DATA EXTRACT:
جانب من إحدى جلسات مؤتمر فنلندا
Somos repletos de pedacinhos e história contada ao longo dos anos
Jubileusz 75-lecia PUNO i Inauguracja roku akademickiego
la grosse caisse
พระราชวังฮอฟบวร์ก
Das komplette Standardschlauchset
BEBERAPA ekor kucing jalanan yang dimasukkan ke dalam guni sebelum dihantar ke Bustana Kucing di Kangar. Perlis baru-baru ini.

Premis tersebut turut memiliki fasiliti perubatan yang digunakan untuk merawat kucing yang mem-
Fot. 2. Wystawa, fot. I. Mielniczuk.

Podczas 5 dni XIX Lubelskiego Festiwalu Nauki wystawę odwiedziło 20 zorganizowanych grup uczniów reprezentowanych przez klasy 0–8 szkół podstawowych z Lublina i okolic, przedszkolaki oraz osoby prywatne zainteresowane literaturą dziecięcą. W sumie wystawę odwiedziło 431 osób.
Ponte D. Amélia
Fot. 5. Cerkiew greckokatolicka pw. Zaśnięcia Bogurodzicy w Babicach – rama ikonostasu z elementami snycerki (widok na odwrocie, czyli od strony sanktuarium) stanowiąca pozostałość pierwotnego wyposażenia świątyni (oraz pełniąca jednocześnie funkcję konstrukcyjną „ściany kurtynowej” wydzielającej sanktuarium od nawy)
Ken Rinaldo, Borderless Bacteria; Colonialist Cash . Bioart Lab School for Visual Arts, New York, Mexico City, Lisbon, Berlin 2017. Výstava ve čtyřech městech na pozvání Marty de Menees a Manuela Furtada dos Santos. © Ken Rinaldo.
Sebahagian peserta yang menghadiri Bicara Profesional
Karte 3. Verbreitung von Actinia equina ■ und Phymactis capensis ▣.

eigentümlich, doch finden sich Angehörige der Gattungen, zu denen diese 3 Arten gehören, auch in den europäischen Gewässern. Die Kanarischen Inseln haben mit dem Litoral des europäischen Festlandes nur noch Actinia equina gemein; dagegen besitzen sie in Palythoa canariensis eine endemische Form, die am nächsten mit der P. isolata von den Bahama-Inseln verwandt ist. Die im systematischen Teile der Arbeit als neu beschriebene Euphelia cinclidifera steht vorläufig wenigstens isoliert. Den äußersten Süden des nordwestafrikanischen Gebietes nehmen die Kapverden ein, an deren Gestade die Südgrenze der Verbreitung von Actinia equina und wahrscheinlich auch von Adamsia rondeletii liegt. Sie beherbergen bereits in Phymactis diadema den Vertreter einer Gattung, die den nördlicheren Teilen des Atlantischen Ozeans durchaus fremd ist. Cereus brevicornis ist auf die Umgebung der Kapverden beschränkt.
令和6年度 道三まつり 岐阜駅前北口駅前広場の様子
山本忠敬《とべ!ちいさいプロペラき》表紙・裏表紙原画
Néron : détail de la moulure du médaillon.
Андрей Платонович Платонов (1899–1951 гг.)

--

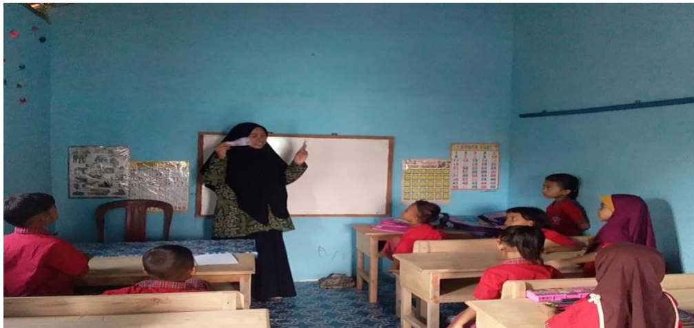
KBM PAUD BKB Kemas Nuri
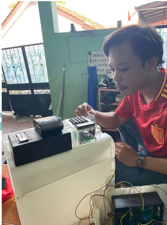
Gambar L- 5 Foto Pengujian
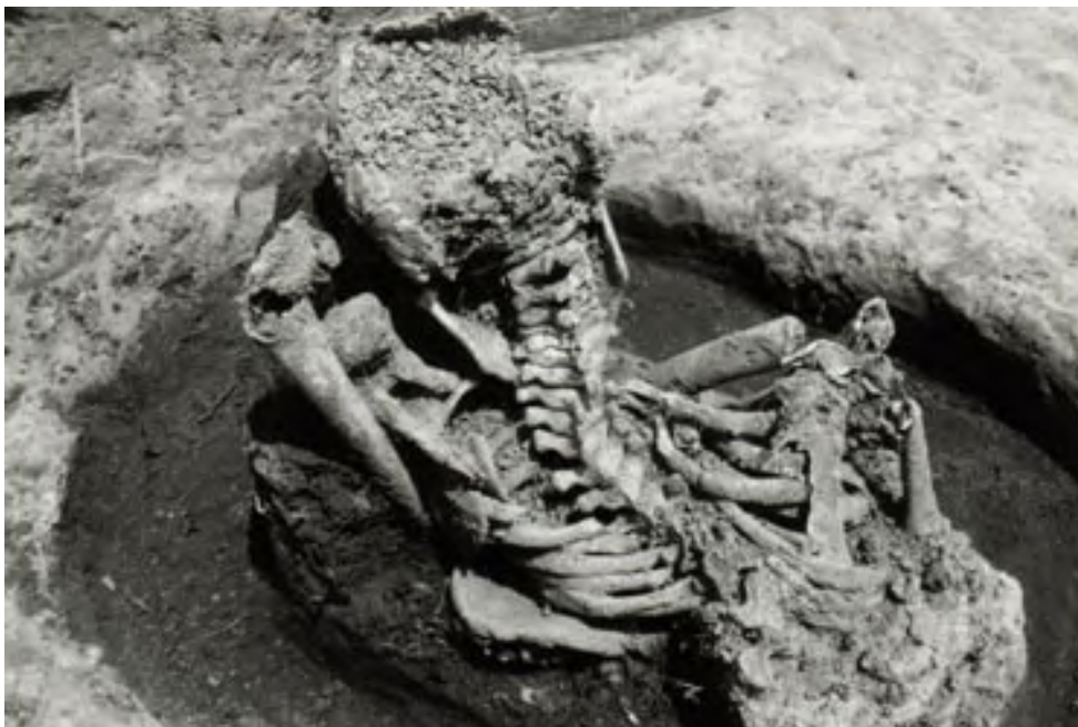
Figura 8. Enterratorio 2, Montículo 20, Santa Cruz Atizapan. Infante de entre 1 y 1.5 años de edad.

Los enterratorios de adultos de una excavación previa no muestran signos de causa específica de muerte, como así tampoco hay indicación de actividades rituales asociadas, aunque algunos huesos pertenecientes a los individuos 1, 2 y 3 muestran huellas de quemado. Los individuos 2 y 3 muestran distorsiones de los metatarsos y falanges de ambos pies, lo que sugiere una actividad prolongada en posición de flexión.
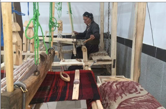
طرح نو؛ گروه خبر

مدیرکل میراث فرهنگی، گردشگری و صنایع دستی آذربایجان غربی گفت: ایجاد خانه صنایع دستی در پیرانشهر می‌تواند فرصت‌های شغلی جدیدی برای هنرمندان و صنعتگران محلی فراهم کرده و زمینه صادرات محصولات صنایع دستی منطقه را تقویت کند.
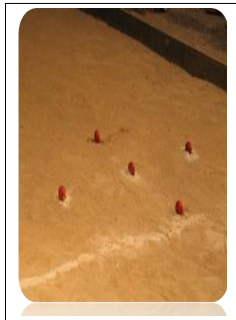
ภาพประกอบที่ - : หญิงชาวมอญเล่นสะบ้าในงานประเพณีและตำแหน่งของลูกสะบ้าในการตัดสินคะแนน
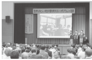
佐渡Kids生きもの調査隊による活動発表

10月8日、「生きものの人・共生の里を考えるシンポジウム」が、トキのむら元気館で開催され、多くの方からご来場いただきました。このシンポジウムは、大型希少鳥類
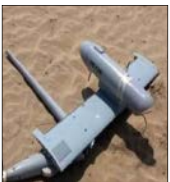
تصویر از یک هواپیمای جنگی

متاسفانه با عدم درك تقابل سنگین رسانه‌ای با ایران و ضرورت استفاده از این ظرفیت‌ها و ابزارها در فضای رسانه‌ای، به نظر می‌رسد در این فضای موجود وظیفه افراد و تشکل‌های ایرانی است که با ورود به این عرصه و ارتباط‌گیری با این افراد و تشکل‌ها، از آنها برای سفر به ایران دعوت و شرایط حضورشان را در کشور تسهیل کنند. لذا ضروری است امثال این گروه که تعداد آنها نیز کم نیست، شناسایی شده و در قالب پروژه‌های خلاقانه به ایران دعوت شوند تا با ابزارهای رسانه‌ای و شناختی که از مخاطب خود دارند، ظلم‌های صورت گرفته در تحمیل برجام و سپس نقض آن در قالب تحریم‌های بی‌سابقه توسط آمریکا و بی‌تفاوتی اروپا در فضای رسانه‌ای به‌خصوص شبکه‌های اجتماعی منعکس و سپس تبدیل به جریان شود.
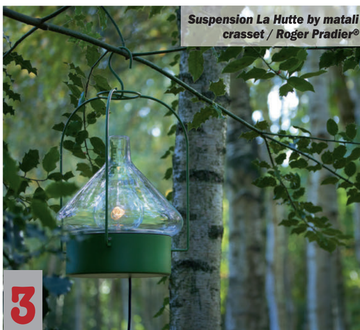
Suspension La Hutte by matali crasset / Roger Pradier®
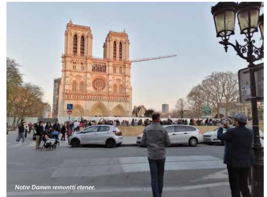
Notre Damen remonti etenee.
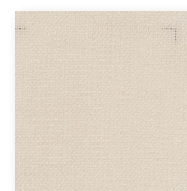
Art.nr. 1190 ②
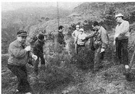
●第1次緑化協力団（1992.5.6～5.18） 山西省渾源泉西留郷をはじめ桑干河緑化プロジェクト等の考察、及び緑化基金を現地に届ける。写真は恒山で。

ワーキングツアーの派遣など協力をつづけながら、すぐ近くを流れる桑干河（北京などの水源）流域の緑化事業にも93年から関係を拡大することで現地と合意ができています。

--

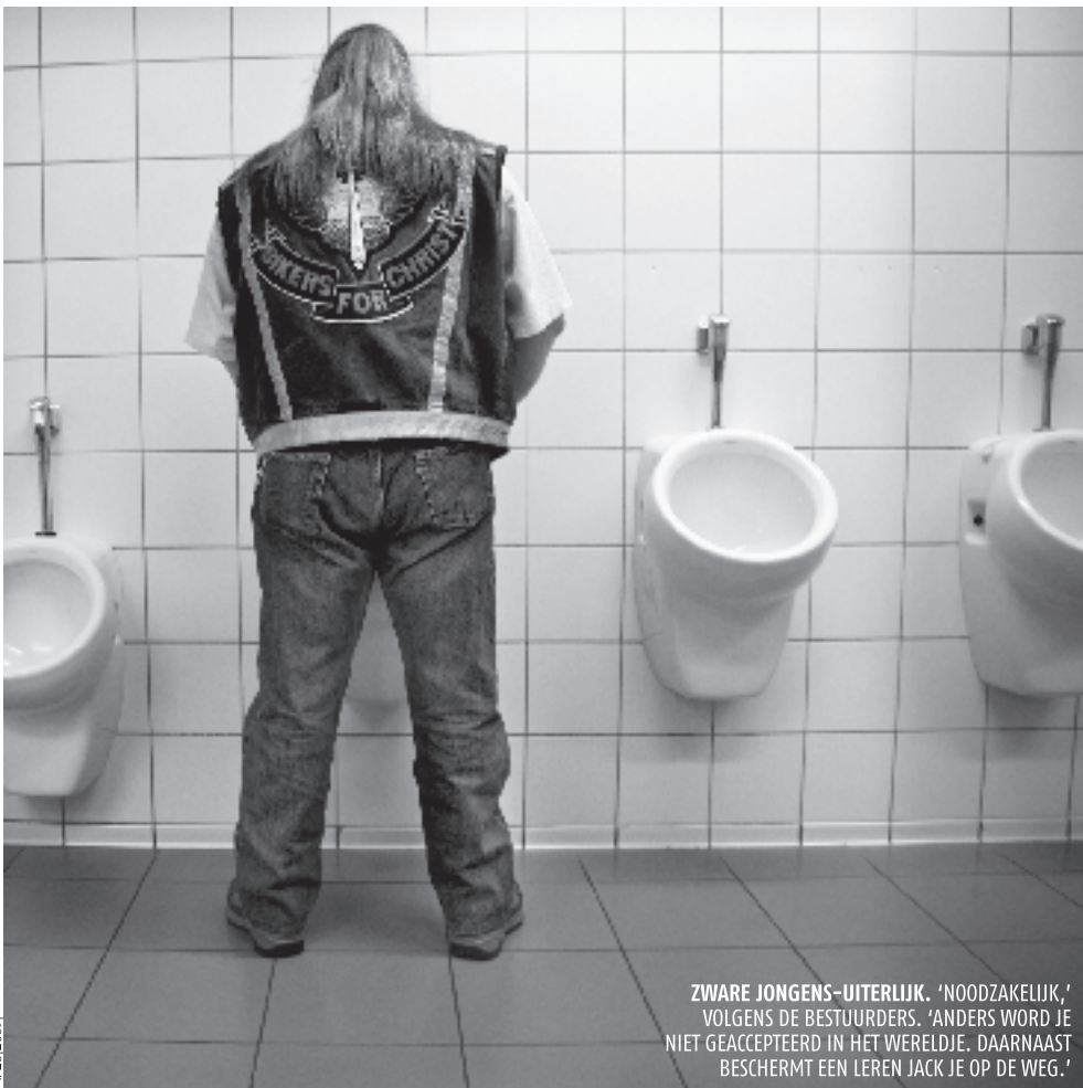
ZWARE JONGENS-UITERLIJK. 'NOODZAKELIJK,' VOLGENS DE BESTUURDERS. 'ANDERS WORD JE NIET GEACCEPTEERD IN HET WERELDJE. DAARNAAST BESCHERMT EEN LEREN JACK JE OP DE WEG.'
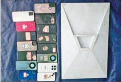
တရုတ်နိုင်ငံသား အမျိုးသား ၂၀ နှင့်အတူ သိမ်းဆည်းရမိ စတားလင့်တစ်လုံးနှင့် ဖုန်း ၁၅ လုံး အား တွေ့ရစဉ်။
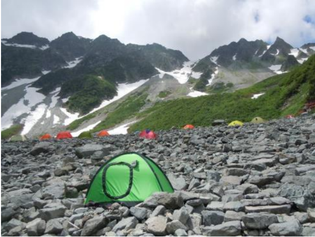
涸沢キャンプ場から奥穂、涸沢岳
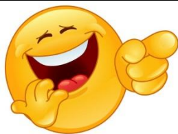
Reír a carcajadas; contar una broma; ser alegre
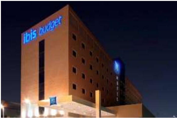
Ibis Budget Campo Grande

ACTION ITEM: The output is the stretch above from the line with "တရုတ်နိုင်ငံသား အမျိုးသား ၂၀" through the line with "Ibis Budget Campo Grande", copied word for word with both ends kept and every picture dropped.

RESPONSE TO THIS EXERCISE:
တရုတ်နိုင်ငံသား အမျိုးသား ၂၀ နှင့်အတူ သိမ်းဆည်းရမိ စတားလင့်တစ်လုံးနှင့် ဖုန်း ၁၅ လုံး အား တွေ့ရစဉ်။
涸沢キャンプ場から奥穂、涸沢岳
Reír a carcajadas; contar una broma; ser alegre
Ibis Budget Campo Grande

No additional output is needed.